Standard & Poor’s raised the rating — from A-plus to AA-minus — on a new round of borrowing that Emanuel intends to use to upgrade pumping stations and water purification plants, install water meters and replace aging water mains.
The AA-minus rating applies to Chicago’s “second lien wastewater secured debt.” The rating attached to Chicago’s “outstanding senior lien wastewater debt” was also upgraded — from AA- to AA.
Moody’s Investors has dropped Chicago’s general obligation bond rating by four notches in eight months — to just three levels above junk status — because of the city’s $20 billion pension crisis.
But water and sewer debt is in a different and healthier category. It’s backed by Emanuel’s decision to raise water rates by 25 percent in 2012 and by 15 percent a year in 2013, 2014 and 2015.
The revised rating stems from those rate hikes and from the “large and diverse” customer base that increased by 28 percent—to 5.3 million residents “almost evenly” divided between the city and 125 surrounding suburbs — between 1980 and 2000.
“The upgraded rating . . . is evidence that Chicago’s efforts are paying off with respect to increased service coverage and better financial oversight of our utilities,” Emanuel was quoted as saying in a news release.
Last week, Moody’s affirmed its A3 rating on Chicago’s $400 million second lien water revenue bonds and affirmed the A2 and A3 ratings on outstanding senior lien and second lien water revenue debt.
Moody’s noted that a Chicago pension reform bill tailor-made to save the Municipal Employees and Laborers pension funds will force the city’s “water enterprise” to nearly double its pension contribution in 2016 — to $25 million.
While that represents just 3 percent of operating revenue, it’s not without risk, Moody’s said.
“Should annual investment returns fall short of the 7.5 percent assumed by the plans, city and enterprise contributions could increase relative to projections.

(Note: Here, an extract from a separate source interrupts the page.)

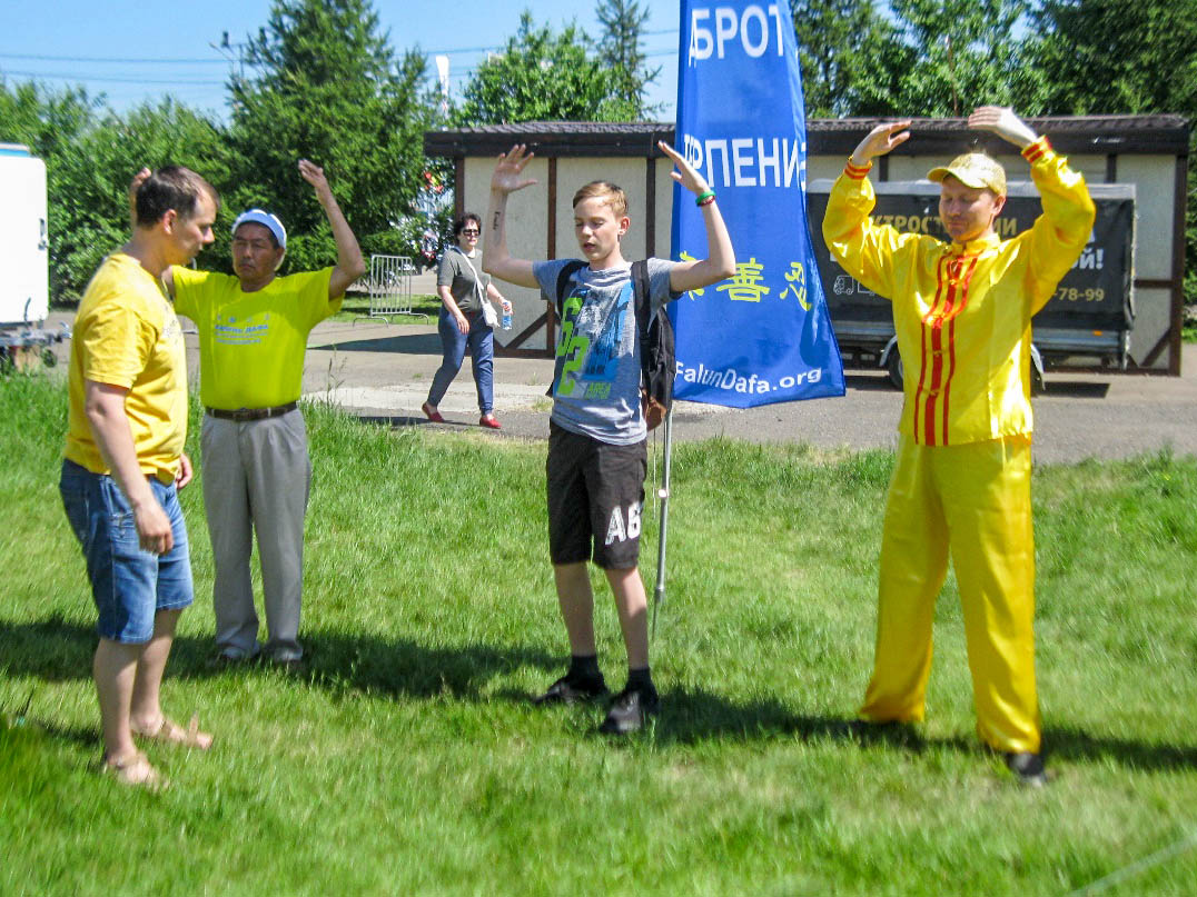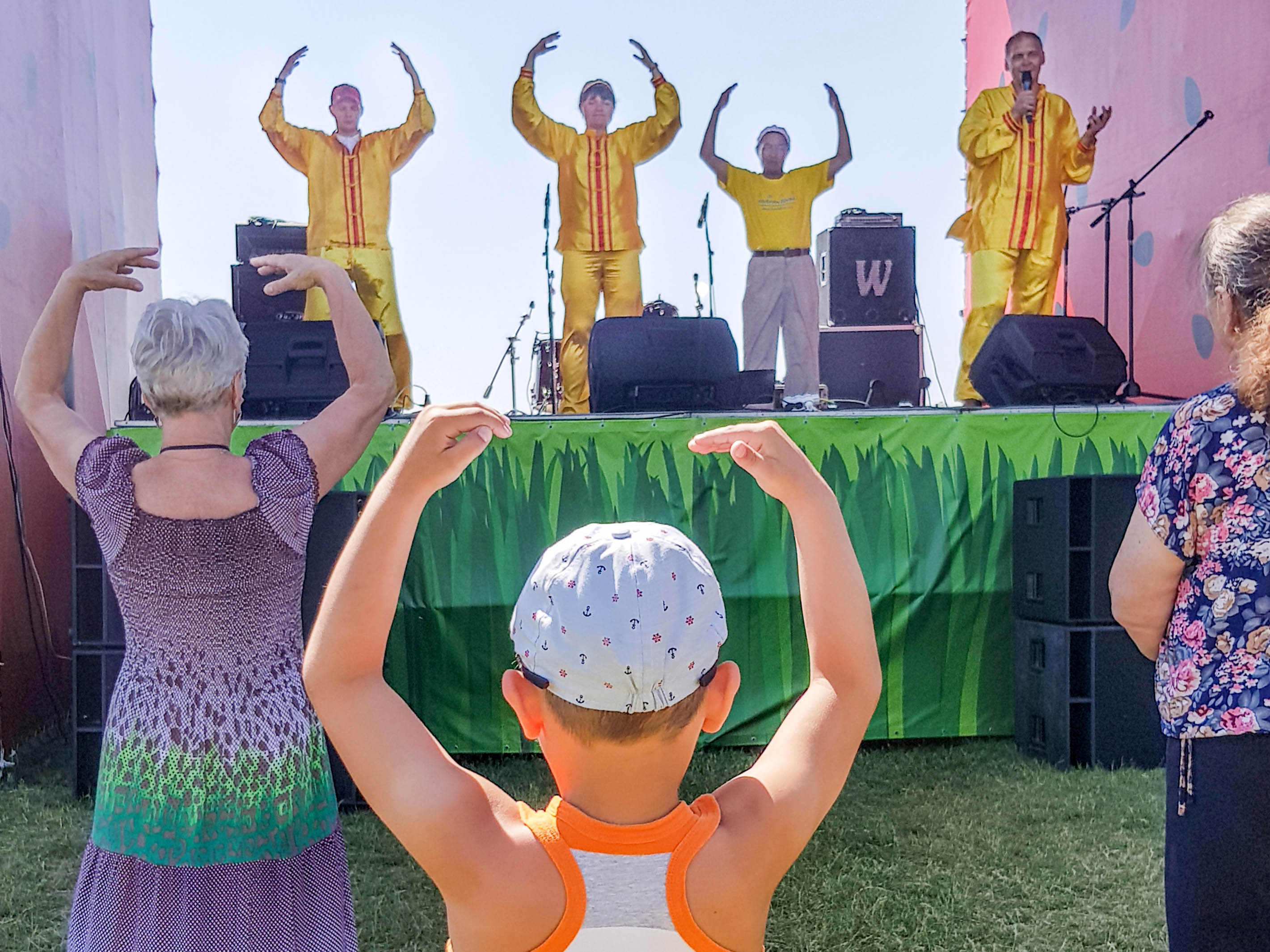 “‘真、善、忍’,这是现代人必需的品质!谢谢让我有机会了解这些。”一位听了真相的女士说到。瓦迪姆第一次听说法轮功,和他的妻子在舞台旁一起学炼动作后分享到:“学炼后马上身体轻快了,这是一个很好的功法!”

To address higher contribution requirements, the city could face difficult decisions related to further increases in taxes and utility rates or reductions in operating expenditures and capital investments,” Moody’s wrote.
Moody’s further noted that Chicago’s retail water distribution system remains “52 percent unmetered in terms of customer accounts, which hinders the ability to fully assess leakage.” That’s down from 66 percent unmetered a decade ago.

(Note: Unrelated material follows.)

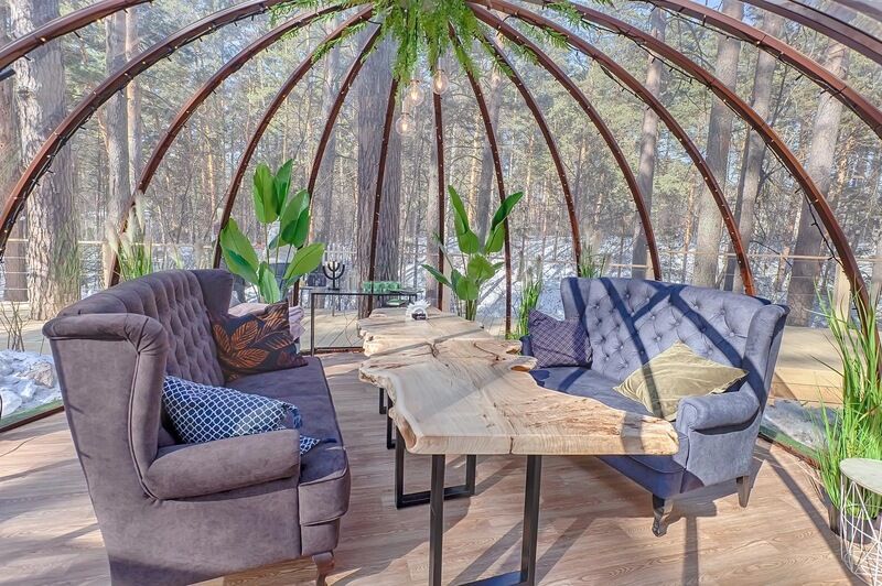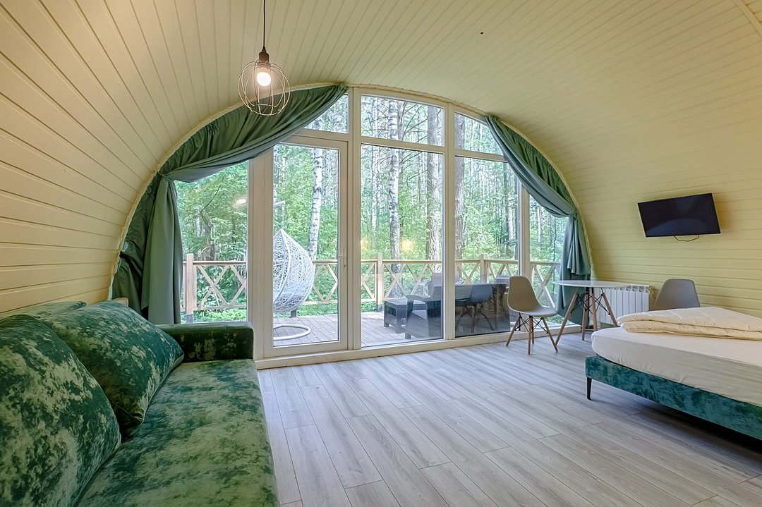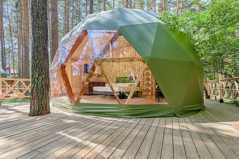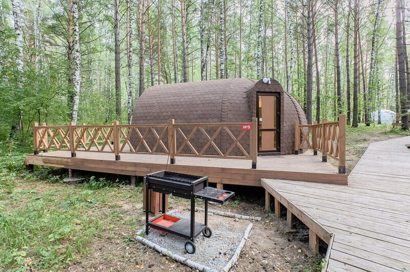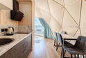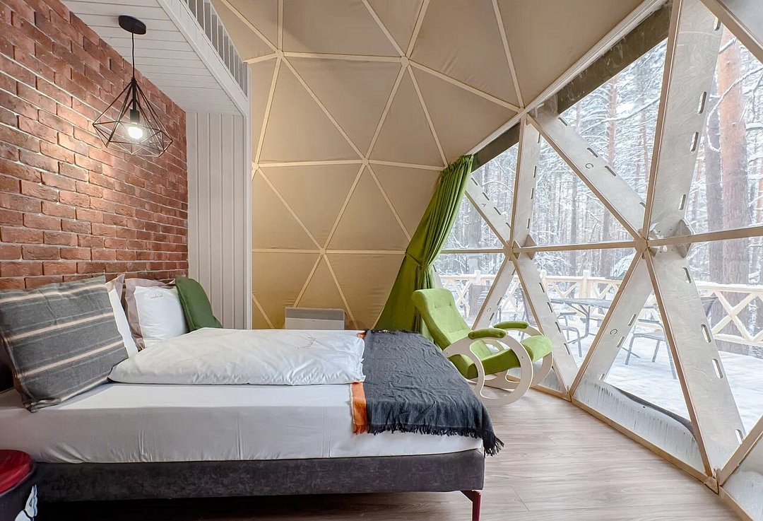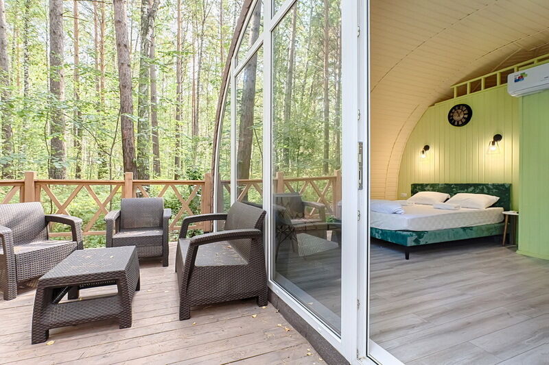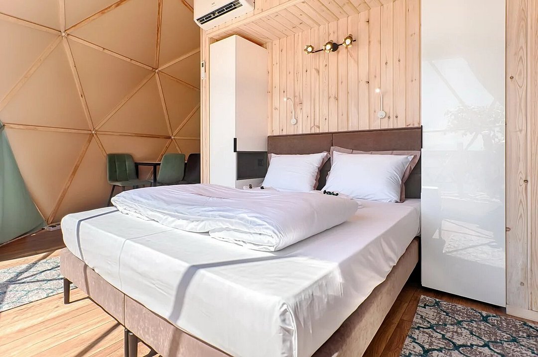 Купольный дом с панорамными окнами. Двуспальная кровать на первом этаже, 2 спальных места на втором полуэтаже, телевизор. Кухонная зона: чайник, микроволновая печь или варочная панель, набор посуды, мини-холодильник. Кондиционер, санузел с душевой кабиной и всеми необходимыми принадлежностями (фен, зубной набор, гель для душа, шампунь, халаты, тапочки). Собственная терраса с мебелью и мангальной зоной.

Last spring, the City Council gave Emanuel the go-ahead to borrow more than $1 billion to bankroll water and sewer projects, despite aldermanic concerns about Chicago’s plummeting bond rating and mountain of debt.
At the time, Chief Financial Officer Lois Scott argued that there was a dramatic difference between general obligation bonds backed by property taxes and the $575 million in “Water Revenue” bonds and the $475 million in “Wastewater Transmission Revenue” bonds authorized by the City Council’s Finance Committee.
Scott noted that Fitch, yet another Wall Street rating agency, had applauded the city for the “wisdom” of a 2011 rate hike that allows the city to improve its aging infrastructure while still keeping water and sewer rates “competitive relative to other large utilities.”
“When Fitch looked at our water and sewer bonds they see it as an improving credit…They’re impressed that 60 percent is being financed through debt and 40 percent through pay-as-you-go financing…They made a particular note that the way we are going about the financing is a marked departure from past practice, which is to use too much debt,” Scott said then.